Diagnosed on Christmas Eve

Hello all,

Well blimey that was emotional. I was fine until about 11 o’clock and then the nearer I got to midnight the worse I got. Thank god we didnt go out. I was really feeling sorry for myself yesterday. Its the first day since the diagnosis I have really cried at length. Poor Phil…very soggy shoulders!!!

Well thats all really just a large dose of self pitty.

Oh and I am in Middlewich (Cheshire). Nearly forgot. oops.

Hope you are all keeping your spirits up. Love and Luck. Shonagh xx

Hi Custard

I can totally understand as I was EXACTLY the same. I was OK most the night then about 11I just suddenly got really upset and couldnt stop crying. I dont think it had really hit me that my breasts were going and how much I was going to miss them until then. Dont worry about self pity, long as ure not wollowing in it its healthy, sometimes we need a release.

Hope ure feeling a bit better today. (((huggs)))

M

Hi Melanie,

I was fine until I watched Pollyanna and have just cried again BUMMER!! Phil(hubby) has just finished de Chrismasing the house so its back to normal. He’s getting the house together for post op making up spare bed and putting a telly in the bedroom. Bless him. He is being a rock, his Dad died in January 2007 of lung Cancer so I think he’s more stressed than he’s letting on but putting a brave face on it.

((Hugs)) are always greatfully received thank you so much and (((Hugs))) right back at you. Any news on dates for the op for you or are you having treatement first.
I’m off to pre op appointment tomorrow.

Love and Luck. Shonagh (AKA Custard) xxx

Hi Shonagh

Hope ure starting to feel a bit better now. Its good that u got the lakes to look forward to and take ure mind off stuff. Where do you live?

Ure poor hubby must be beside himself after his Dad dying last yr then u getting dx with cancer. Its great that he is a rock for you. Not sure how I’d b managing if not for the fantastic support I am getting from my hubby.

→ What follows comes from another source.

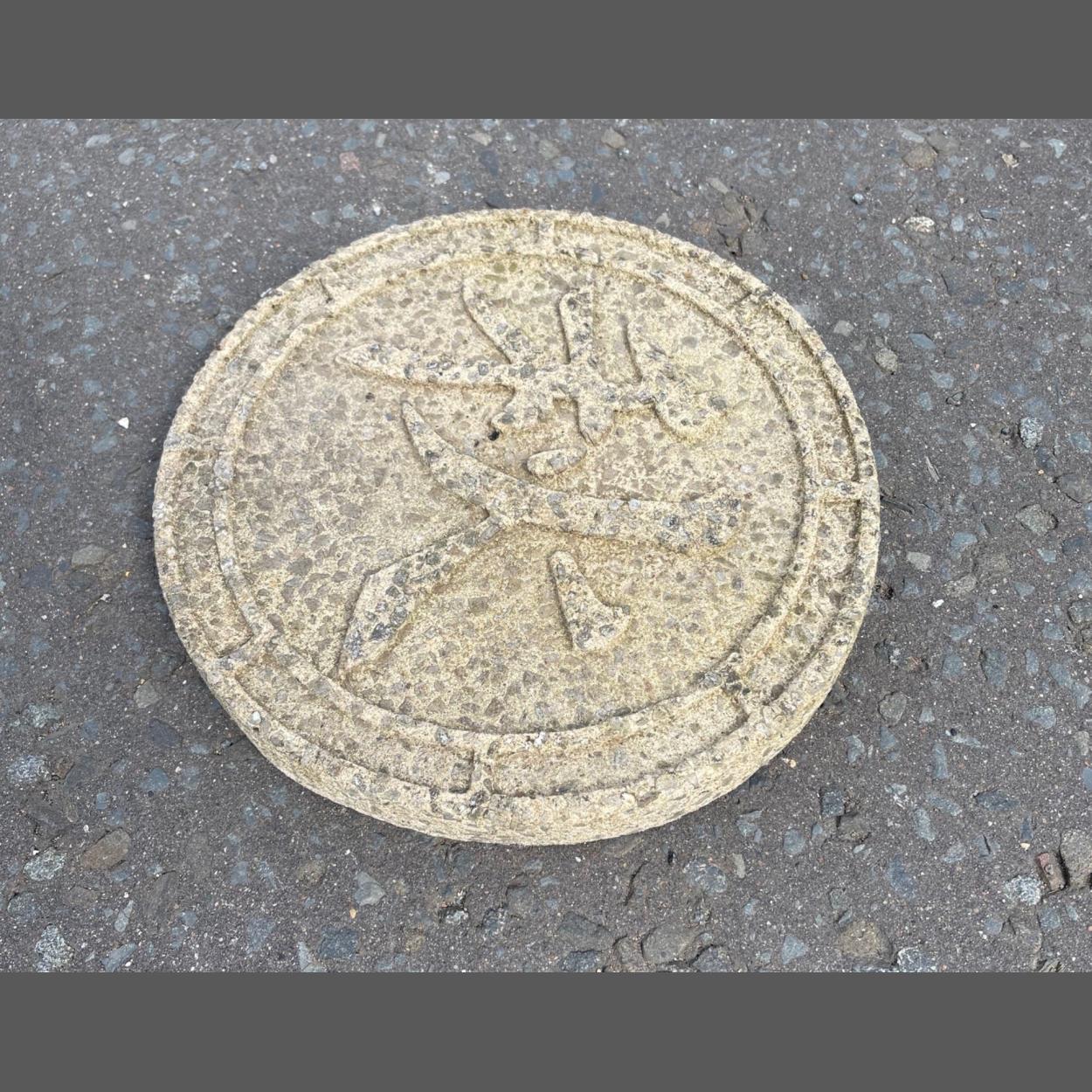An ORIENTAL themed garden concrete stepping stone or garden border feature - 12" diameter approx

No news for my op date yet. I am expecting my consultation for it will be nxt week.

Take care

M
x

p.s woops sorry u already answered that - Cheshire :stuck_out_tongue:

Hello all,

Just got home from my last day at work before the op. Had a 2 hour(yes 2 hour!!!) conversation with the head of human resources about the future and strangely howhard it is to find an outfit for the xmas party??? Well it beat working. It was abit emotional saying goodbye to people, especially when the blokes kept hugging me but managed to get a grip of myself half way down the M56 until I got home where I found a picture from the kids over the road wishing me good luck for the op. More tears, blimey when does it stop.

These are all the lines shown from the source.